Mortgage Minutes defines and describes escrow.
What is Escrow and how does it work? Escrow can be defined as a contractual arrangement in which a third party receives and disburses money or property for the primary transacting parties. The disbursement from escrow is dependent on conditions agreed to by the transacting parties. For the purpose of this discussion regarding mortgage, escrow is a trust account held in the borrower’s name to pay obligations such as property taxes and insurance premiums on behalf of the borrower.
Federal law allows the mortgage lender to require enough money in the escrow account to cover one full year of the bills (insurance, taxes) plus two months extra cushion. In Texas, Mortgage lenders are not required to pay interest to the borrower on escrow accounts.

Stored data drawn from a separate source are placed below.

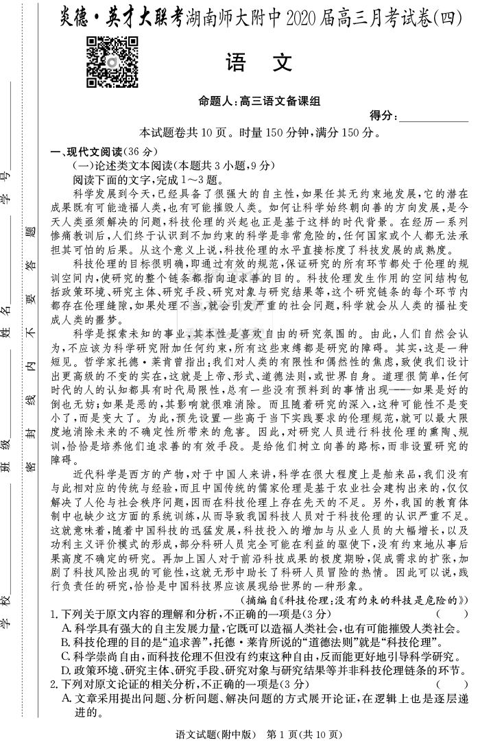 上一篇:【英語】炎德英才大聯考2020屆師大附中高三4次月考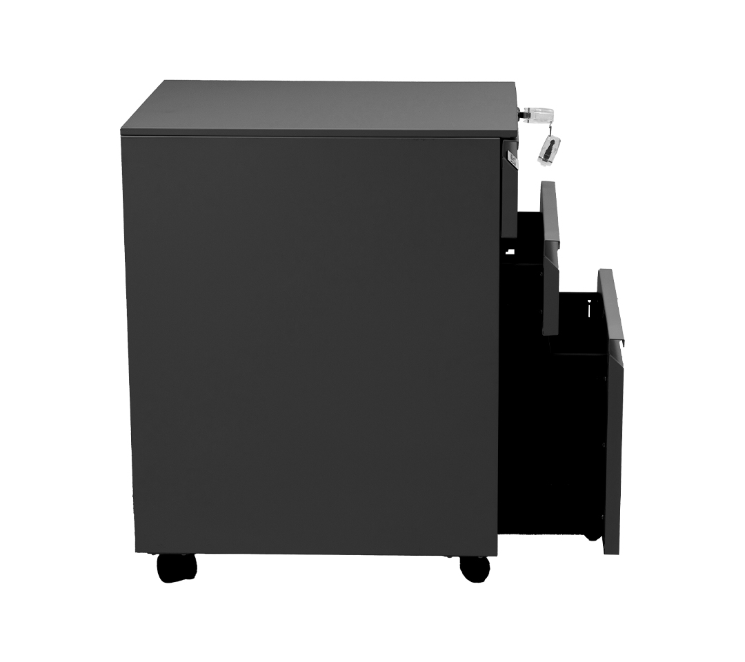 - Seguridad Incorporada: Uno de los cajones incluye un sistema de cerradura con llave, asegurando la protección de documentos confidenciales o pertenencias de valor.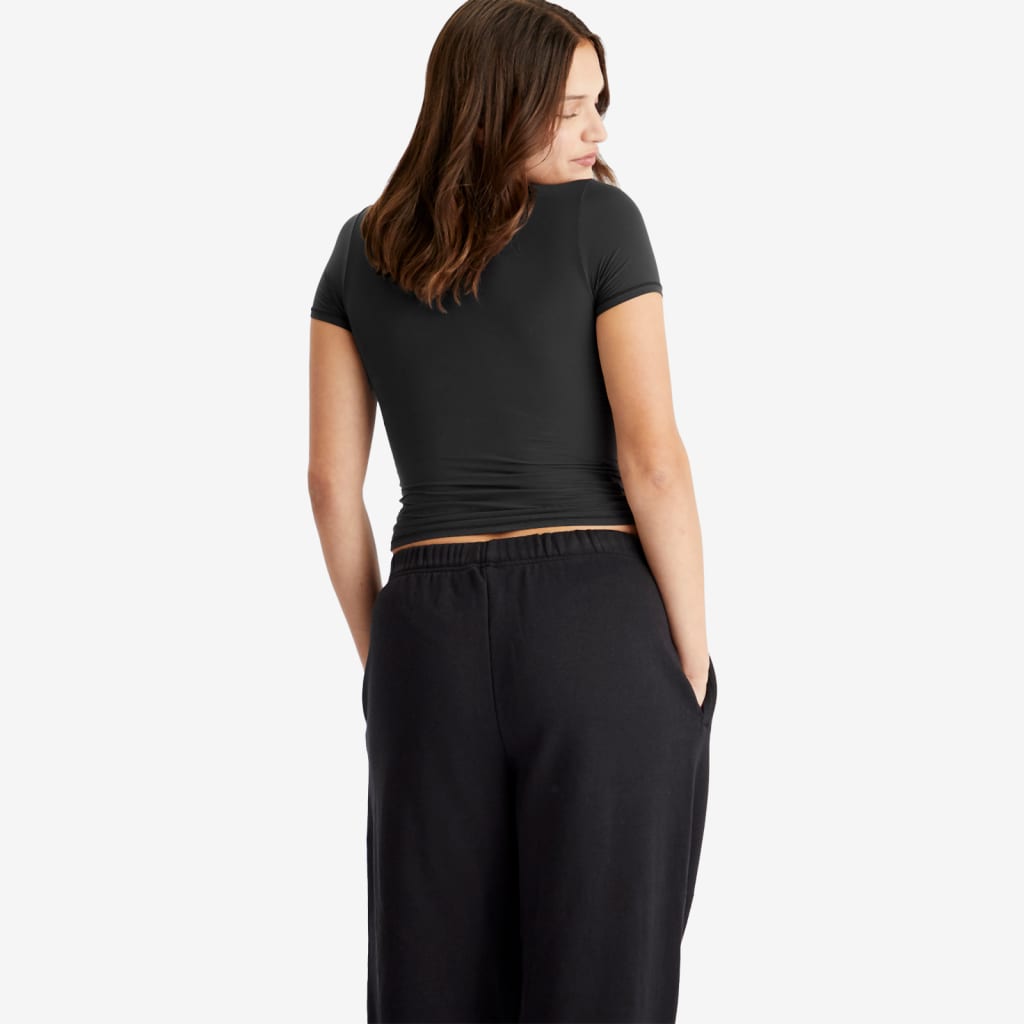 Ощутите ощущение комфорта в футболке Fits Everyone от SKIMS. Эта эластичная футболка из мягкой смесовой ткани плотно облегает тело, создавая привлекательный образ. Сочетайте её с любимыми брюками и кроссовками, чтобы создать элегантный и в то же время непринужденный образ.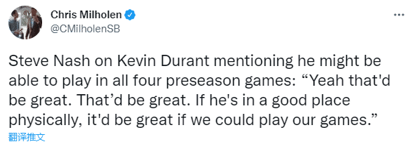 此前杜兰特接受媒体采访时表示自己会打满4场季前赛,纳什确定杜兰特会打满4场季前赛,表示:是的,那真的太棒了,如果他的身体状态感觉良好,我们就能打出属于我们自己的比赛了。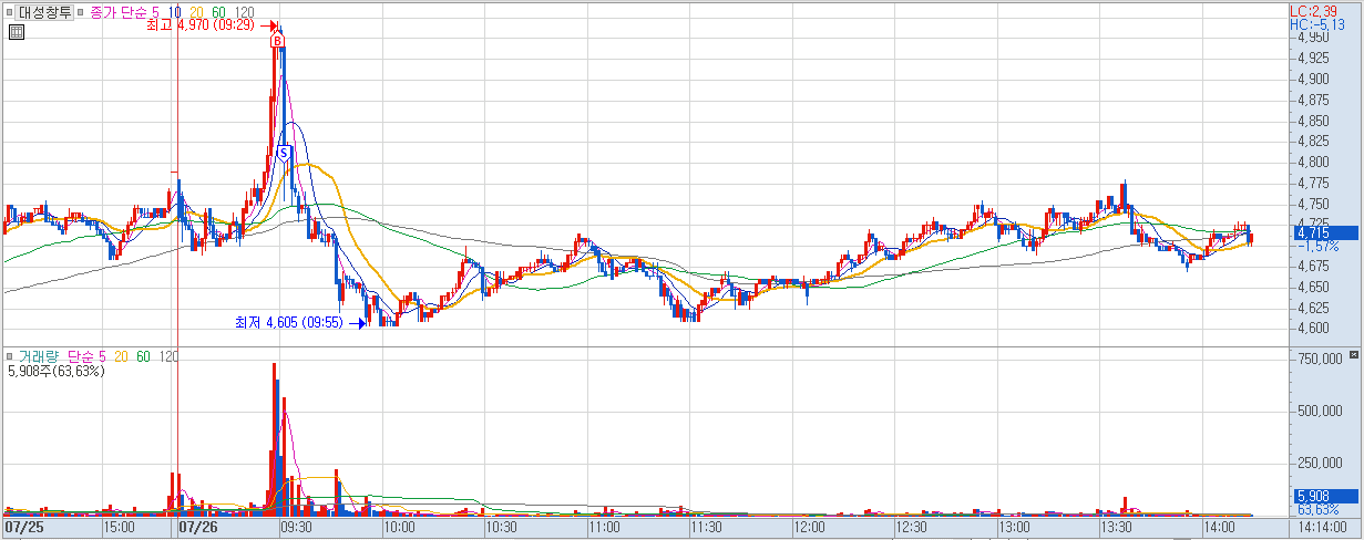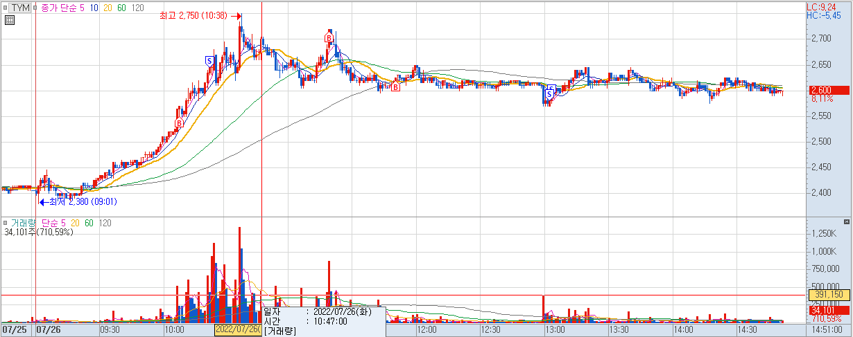매수 사유: 시초가를 돌파하며 급등하는 모습에 진입.
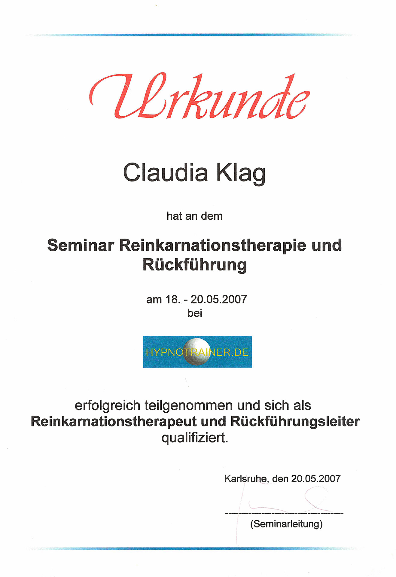 - Rückführungstherapeutin Ausbildung und Zertifizierung durch Jan Günther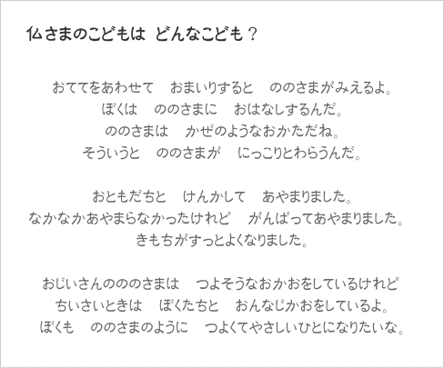 | 宗教教育 | 合掌礼拝を通して、祖先を大切にする心・感謝の心を育みます。 |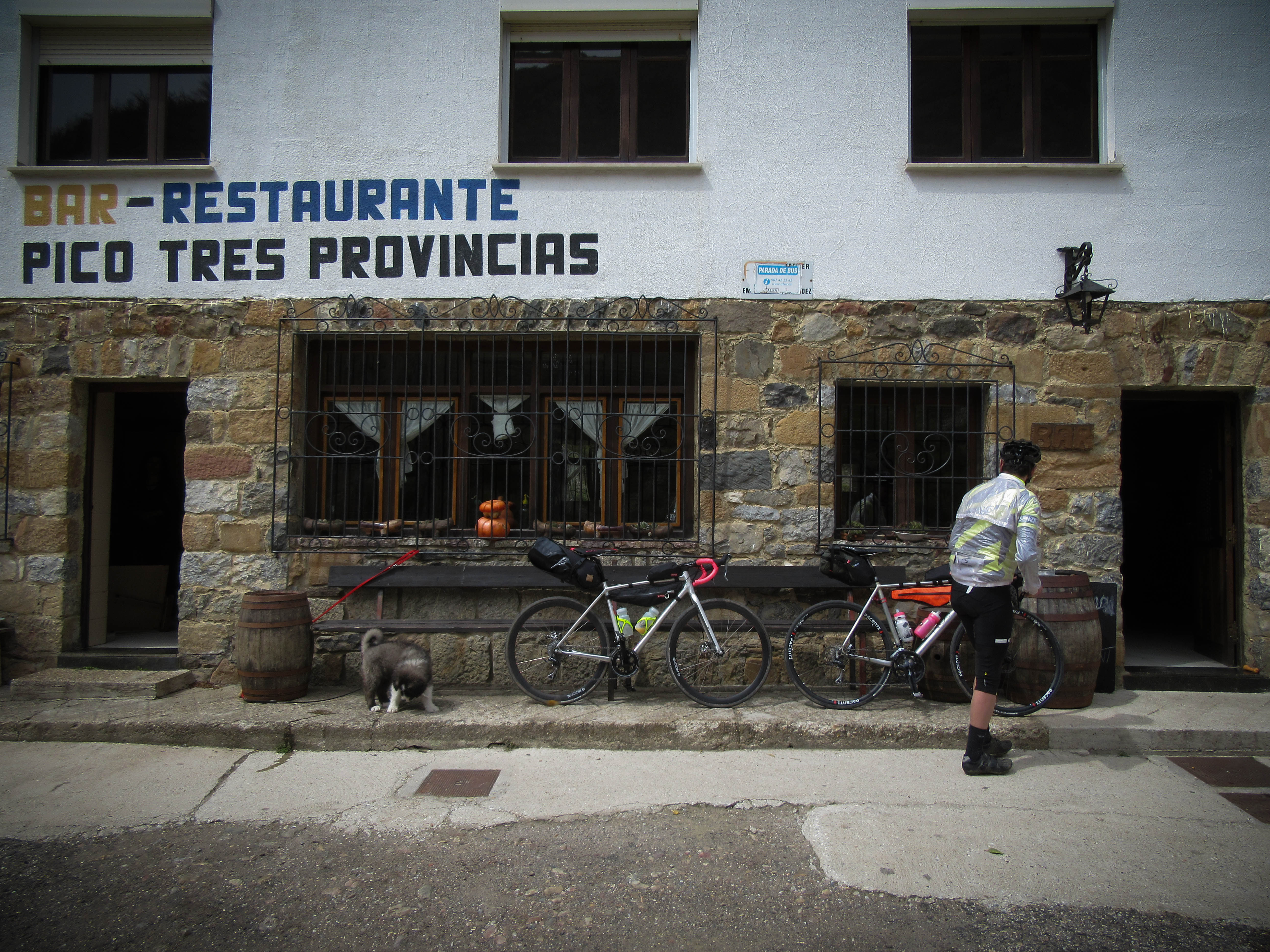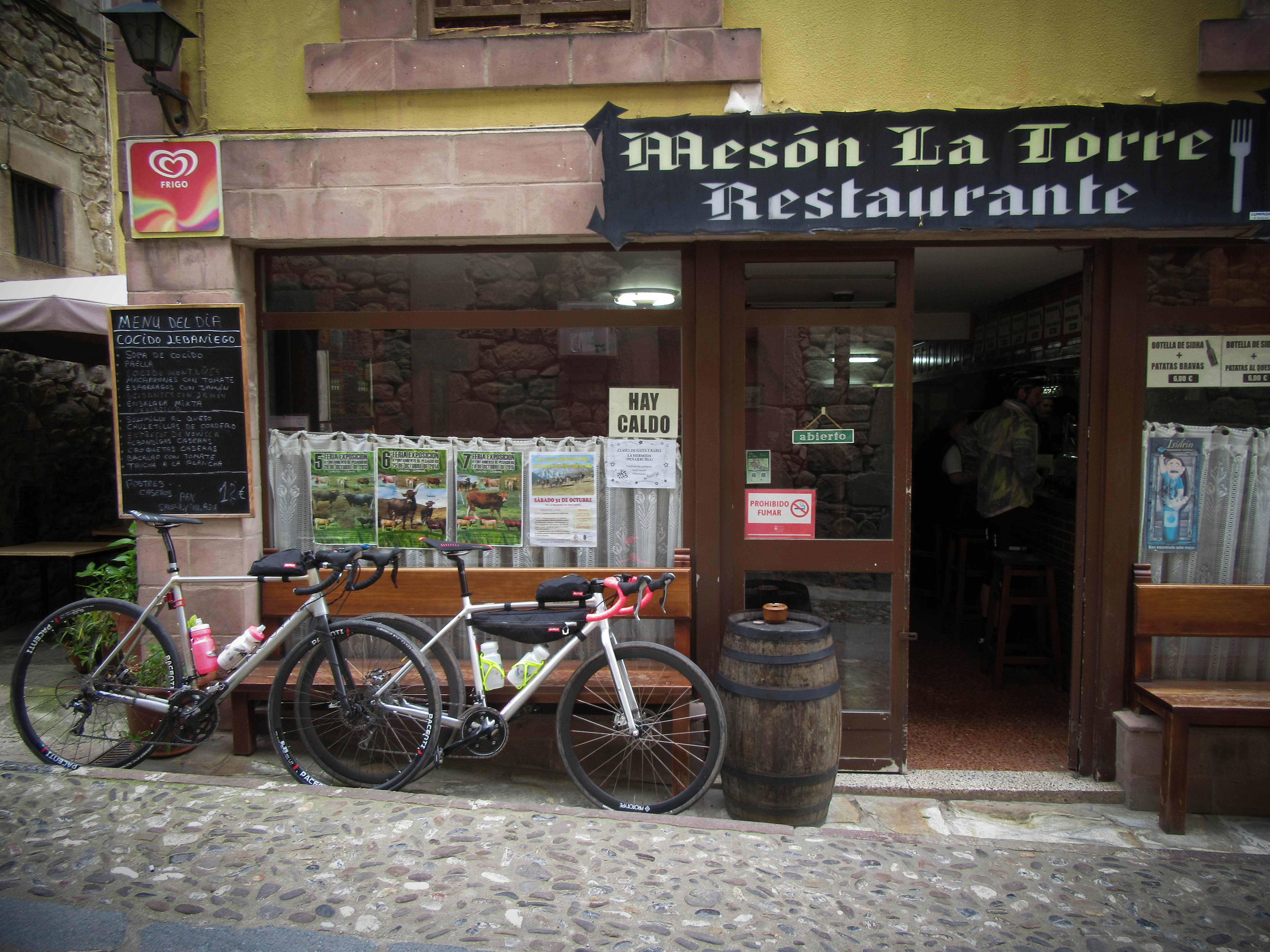 On our way back through town we snatch a quick caffeine break in a small bar before heading to the apartment to get sorted for the ride to Riaño. As we check out I read the detailed contour map on the office wall. The owner asks where we are heading, George says “Riaño”, he replies “I hope you’ve been training, you have to get over the San Glorio pass!” with a knowing laugh. Just at this moment I notice the number on the isopleth next to the road – 1600 metres! We’re currently at around 250 metres. Oh. So much for an easier day. On the plus side it’s only 56km to Riaño.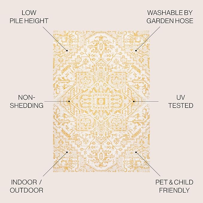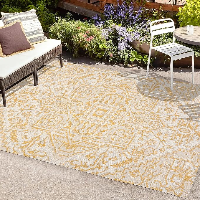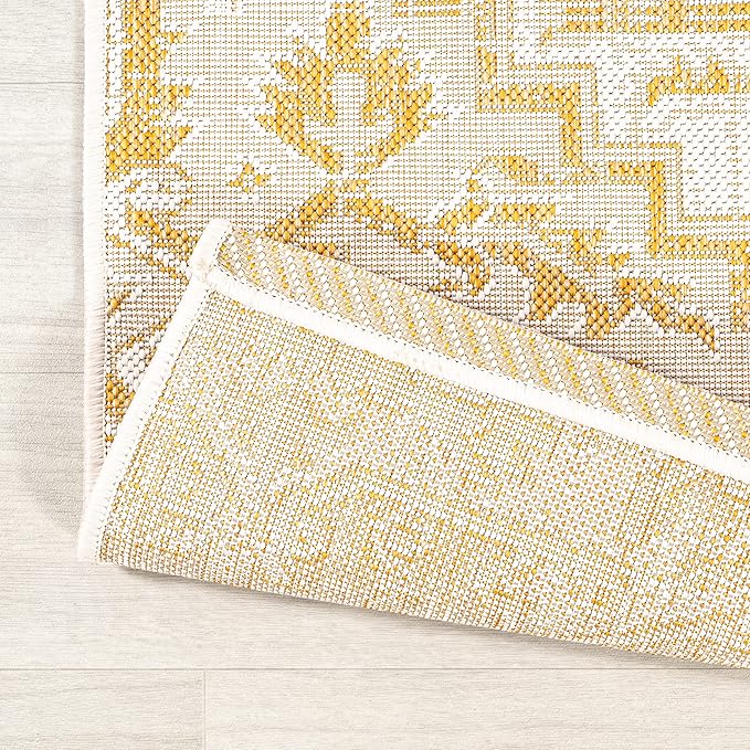 JONATHAN Y SMB105H-8 Estrella Bohemian Medallion Textured Weave Indoor Outdoor Area-Rug, Coastal Traditional Easy-Cleaning,Bedroom,Kitchen,Backyard,Patio,Non Shedding, 8 X 10, Cream/Yellow

When you buy a home, the seller is required to pay the pro-rated taxes to date. For example, if you loan is closing August 31, then the seller would pay 8 months of taxes into the buyer’s escrow account (Jan-Aug), and the buyer would be accountable in the escrow account and the buyer would pay the remainder of the year (Sept-Dec). The escrow account is reviewed and balanced at least once per year to ensure that there is enough money (but not more than allowed) to cover the anticipated tax bills.
It is important to note that when a seller has tax exemptions on a property (such as the over 65 exemption, disability/veteran’s exemptions, etc. that the new buyer will not have on the property, the seller is only accountable to pay the pro-rated portion of the taxes based on the seller’s tax bill, and the buyer could have to pay a higher amount due to the potential loss of those exemptions. Note that the buyer should always follow up to file for the homestead exemption if the home is to be the buyer’s primary residence to get the homestead exemption.
The pro’s of escrow include 1) never having any surprise tax bills or insurance bills to pay, since the mortgage company will ensure these bills are paid from your escrow account each year, 2) allows the borrower to pay monthly for a bill that is due annually, which helps with cash flow budgeting, and 3) provides borrowers the ability to pay any shortfalls due to increased taxes over the following 12 months. The con of escrow is that the borrower is paying monthly for a bill that is generally due at the end of the year, and losing the opportunity to earn investment income and/or interest on those funds.
If you don’t want to escrow, most lenders will charge a higher interest rate or fee (generally 0.25%) to waive escrow and generally require higher down payments (usually 20%). Note that some loans, such as FHA will not allow the borrower to waive escrow. At the end of the day, the decision to escrow or not escrow is a personal decision, based on many factors, including loan type, fees, interest rate premiums, budgeting skills, and market interest rates.